DATA EXTRACT:
**********

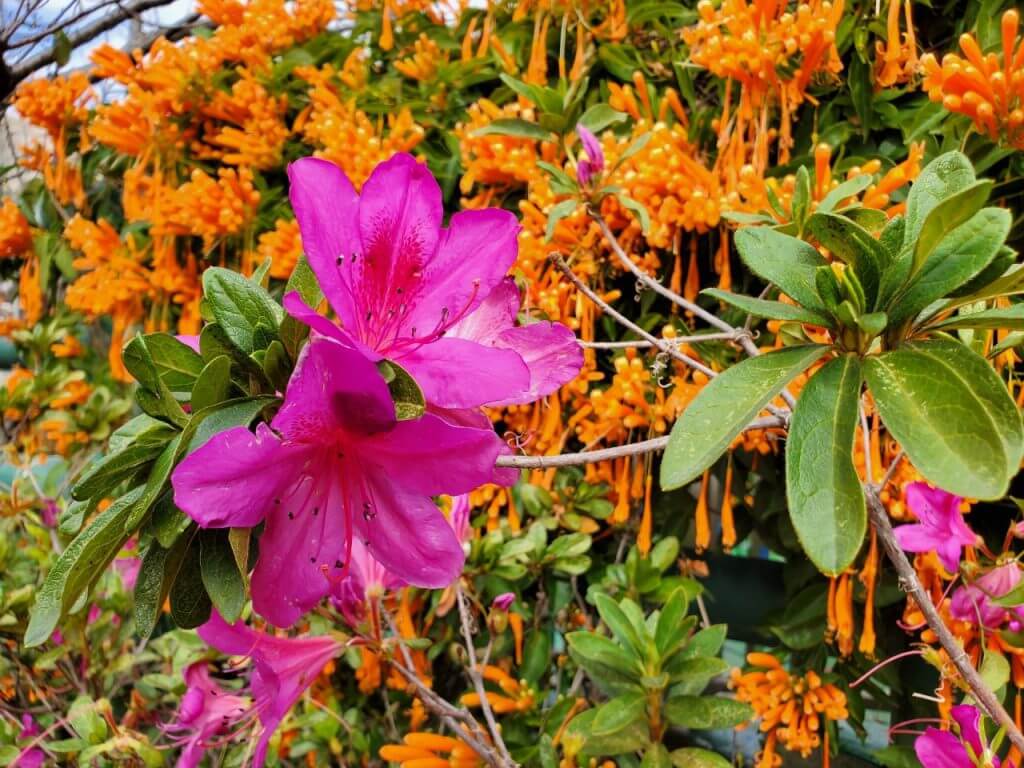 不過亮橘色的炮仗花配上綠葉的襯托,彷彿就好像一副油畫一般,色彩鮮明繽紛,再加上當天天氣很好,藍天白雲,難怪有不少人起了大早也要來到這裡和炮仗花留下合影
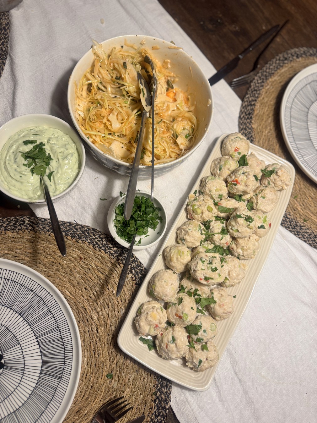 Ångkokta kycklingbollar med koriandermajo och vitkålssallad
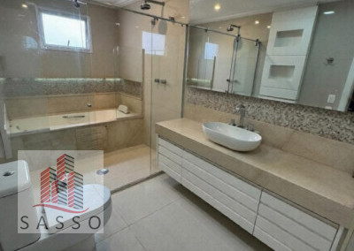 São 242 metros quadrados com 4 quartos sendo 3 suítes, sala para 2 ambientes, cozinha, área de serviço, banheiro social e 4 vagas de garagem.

**********

All the material shown above is to be copied exactly, with no pictures carried over.

 不過亮橘色的炮仗花配上綠葉的襯托,彷彿就好像一副油畫一般,色彩鮮明繽紛,再加上當天天氣很好,藍天白雲,難怪有不少人起了大早也要來到這裡和炮仗花留下合影
 Ångkokta kycklingbollar med koriandermajo och vitkålssallad
 São 242 metros quadrados com 4 quartos sendo 3 suítes, sala para 2 ambientes, cozinha, área de serviço, banheiro social e 4 vagas de garagem.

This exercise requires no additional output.